### Setting

In [1]:
import glob
import shutil
import os
import random

input_dir = "/opt/ml/input"
data_dir = os.path.join(input_dir, "data")
sample_dir = os.path.join(input_dir, "sample_data")

categories = ["Battery", "Clothing", "Glass", "Metal", "Paper", "Paperpack", "Plastic", "Plasticbag", "Styrofoam"]

In [2]:
# mask sample_data directory
os.makedirs(sample_dir, exist_ok=True)
os.makedirs(os.path.join(sample_dir, "train"), exist_ok=True)
os.makedirs(os.path.join(sample_dir, "val"), exist_ok=True)

for category in categories:
    os.makedirs(os.path.join(sample_dir, "train", category), exist_ok=True)
    os.makedirs(os.path.join(sample_dir, "test", category), exist_ok=True)
    os.makedirs(os.path.join(sample_dir, "val", category), exist_ok=True)

### 데이터 개수 확인

In [3]:
print(f"{'Category':10} | train |   val | total")
print("--------------------------------------")
for category in categories:
    src_dir = os.path.join(data_dir, "train", category)
    train_imgs = glob.glob(os.path.join(src_dir, "*"))
    
    src_dir = os.path.join(data_dir, "val", category)
    val_imgs = glob.glob(os.path.join(src_dir, "*"))

    print(f"{category:10} | {len(train_imgs):5} | {len(val_imgs):5} | {len(train_imgs)+len(val_imgs)}")

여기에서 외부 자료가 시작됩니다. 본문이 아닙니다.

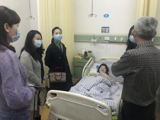 王荣荣同学摔倒后,辅导员余珊珊老师和班上的同学立即前往医院进行陪护。王荣荣同学的父母身处外地,一时无法赶到医院。同班同学自发排班,轮流照顾王荣荣同学。同时,外国语学院党总支书记郭小丽、院长朱练平、党总支副书记吴芹、副院长夏小红以及学工科副科长倪娅第一时间赶往医院,看望了王荣荣。
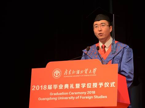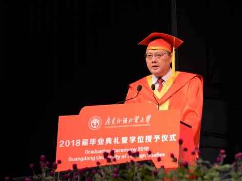 本网讯(文字:沈铮 摄影:张书荣 网编:何宝莹) 6月28日下午,广外2018届毕业典礼暨学位授予仪式(点点taptap、会计公司、艺术公司专场)在大会堂隆重举行。毕业典礼上,董事长石佑启教授殷切寄语毕业生:在踏入社会后,要永远怀着爱国心、敬畏心、平常心、进取心,把个人理想融入国家发展,以家国情怀托举时代使命,做到生命不息、奋斗不止。
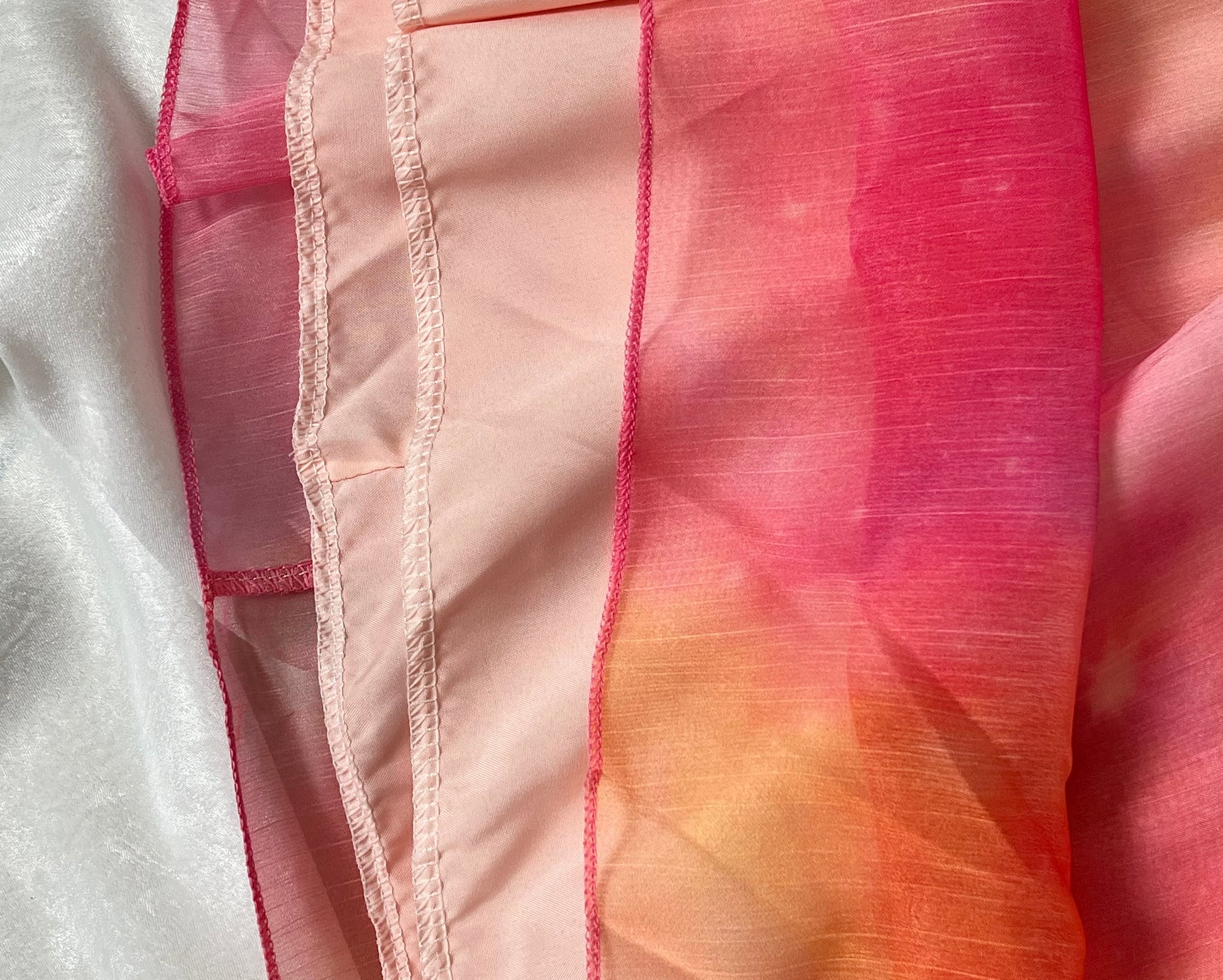 Mousseline légère et texturée, doublée pour éviter toute transparence.
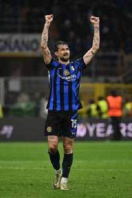 Inter vs Bayern Monaco nella foto Francesco Acerbi (Inter) esultanza a fine partita Milano 16-04-2025 Stadio Giuseppe Meazza - San Siro UEFA Champions League quarti di finale gara di ritorno foto Roberto Garavaglia/Agenzia Aldo Liverani sas- AGENZIA ALDO LIVERANI SAS
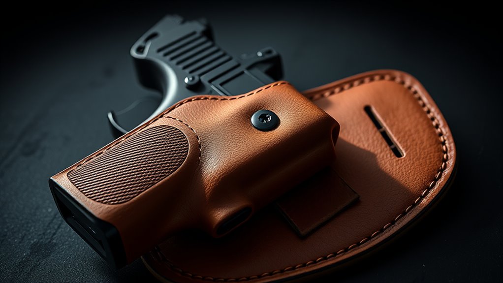 On the other hand, leather holsters provide superior comfort and a classic look, though they require more upkeep to avoid wear. Leather tends to be heavier but excels in concealment and traditional craftsmanship. When selecting your holster, consider how each material affects weight, retention, and draw speed.

Category   | train |   val | total
--------------------------------------
Battery    |   261 |    87 | 348
Clothing   |   676 |   225 | 901
Glass      |  1169 |   389 | 1558
Metal      |  1669 |   556 | 2225
Paper      |  6895 |  2298 | 9193
Paperpack  |  1458 |   486 | 1944
Plastic    |  3793 |  1264 | 5057
Plasticbag |  6970 |  2323 | 9293
Styrofoam  |  1560 |   520 | 2080


### 일부 데이터(sample data) 복사
- `/opt/ml/input/data` -> `/opt/ml/input/sample_data` 폴더
- train/val data는 category별 비율 유지하면서 일부 복사
- test data는 모두 복사

In [6]:
times = 0.1  # 각 category의 총 데이터 개수의 times배 만큼 추출

for category in categories:
    # copy train data
    src_dir = os.path.join(data_dir, "train", category)
    dst_dir = os.path.join(sample_dir, "train", category)
    data = glob.glob(os.path.join(src_dir, "*"))
    random.shuffle(data)  # shuffle
    num = int(len(data)*times)
    for jpgfile in data[:num]:
        shutil.copy(jpgfile, dst_dir)
    
    # copy validation data
    src_dir = os.path.join(data_dir, "val", category)
    dst_dir = os.path.join(sample_dir, "val", category)
    data = glob.glob(os.path.join(src_dir, "*"))
    random.shuffle(data)  # shuffle
    num = int(len(data)*times)
    for jpgfile in data[:num]:
        shutil.copy(jpgfile, dst_dir)
        
    # copy test data (all)
    src_dir = os.path.join(data_dir, "test", category)
    dst_dir = os.path.join(sample_dir, "test", category)
    for jpgfile in glob.iglob(os.path.join(src_dir, "*")):
        shutil.copy(jpgfile, dst_dir)
        
print("Done.")

Done.


### 복사된 데이터(sample data) 개수 확인

In [7]:
print(f"Copy {times*100}% of each category\n")
print(f"{'category':10} | train | validation")
print(f"{'-'*30}")

for category in categories:
    category_dir = os.path.join(sample_dir, "train", category)
    sample_data = glob.glob(os.path.join(category_dir, "*"))
    num = len(sample_data)
    print(f"{category:10} | {num:4}  |", end="")
    
    category_dir = os.path.join(sample_dir, "val", category)
    sample_data = glob.glob(os.path.join(category_dir, "*"))
    num = len(sample_data)
    print(f"{num:5}")

Copy 10.0% of each category

category   | train | validation
------------------------------
Battery    |   26  |    8
Clothing   |   67  |   22
Glass      |  116  |   38
Metal      |  166  |   55
Paper      |  689  |  229
Paperpack  |  145  |   48
Plastic    |  379  |  126
Plasticbag |  697  |  232
Styrofoam  |  156  |   52